Illinois scraps limits on basic skills test-taking

taptestJust four years after passing a law mandating that prospective teachers must pass the Test of Academic Proficiency (TAP) within five attempts, Illinois state board of education officials have scrapped this law in hopes of “manipulating the pipeline” of new teachers.

State officials, dismayed at the disproportionately low number of minority teachers compared to minority students in state public schools (for example, in Chicago Public Schools, 86% of students, but less than half of teachers, are black or Latino), felt that something must be done in order to improve the chances of prospective teachers who are also minorities joining the ranks of Illinois teachers.  Advocacy groups, anxious to dissuade observers from seeing this move as simply a dumbing-down of the teaching pool, argue that the main reason that minorities were having a harder time passing the TAP test than non-minorities is their background in mostly underperforming schools.
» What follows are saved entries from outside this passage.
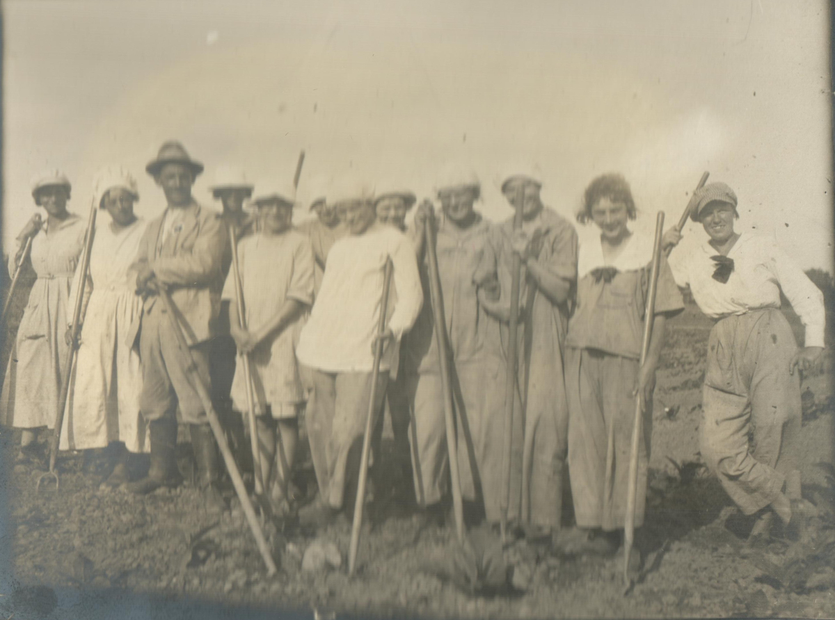 Flertalet tobaksodlare står i tobaksodlingen i Prästnibble 1920.
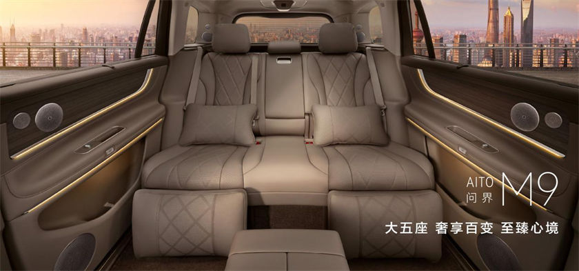 问界M9大五座车内总乘用空间达到3500mm,二排腿部空间可拓展至1985mm,奢阔空间超越同级。问界M9大五座内饰精致不凡,绗缝工艺,采用优质Nappa真皮、天然实木等上乘材质,全系标配舒云座椅,具备座椅加热、通风、按摩功能,二排座椅配备可四向电动调节双腿托,最大调节角度达75°,座椅靠背最大调节角度达43°。
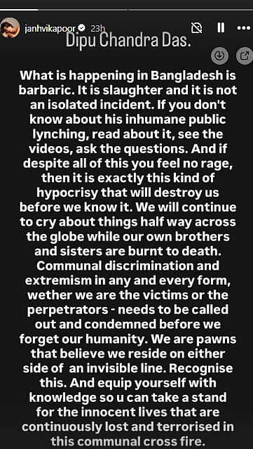Meanwhile, several other celebrities like Janhvi Kapoor, Munawar Faruqui, Tony Kakkar, Swara Bhasker, Devoleena Bhattacharjee, Jaya Prada, and others also condemned violence against Hindus in Bangladesh.
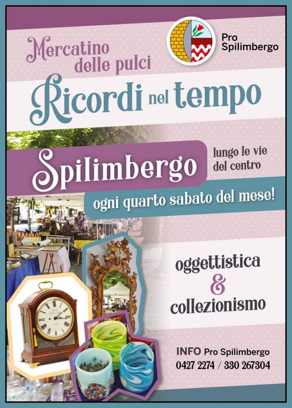Lungo le Vie del Centro di Spilimbergo in provincia di Pordenone si svolge ogni quarto Sabato del Mese il Mercatino delle Pulci "Ricordi nel Tempo".

In other words, without this state change, the test would be perpetuating a cycle that would never allow for more minority teachers.

The TAP test is not an easy test for anyone who takes it. Melissa Sanchez, writing for Catalyst Chicago, puts it this way:

Test result data from the fourth quarter of 2013,  for example, showed that only 18 percent of blacks and 23 percent of Latinos passed the math portion of the test, compared to 40 percent of whites. Meanwhile, only 26 percent of blacks and 34 percent of Latinos met the reading comprehension requirements, compared to 52 percent of whites. Overall, less than a third of all test-takers – and less than 18 percent of black and Latinos — passed all four sections of the test last year, according to state records.

The change certainly indicates that Illinois officials are serious about bringing more minority teachers into classrooms, although a recent study still showed a gap between education programs, which believe that elements of the programs are the most important to prospective teaching students, and prospective teaching students themselves, who see relationships as the most important element.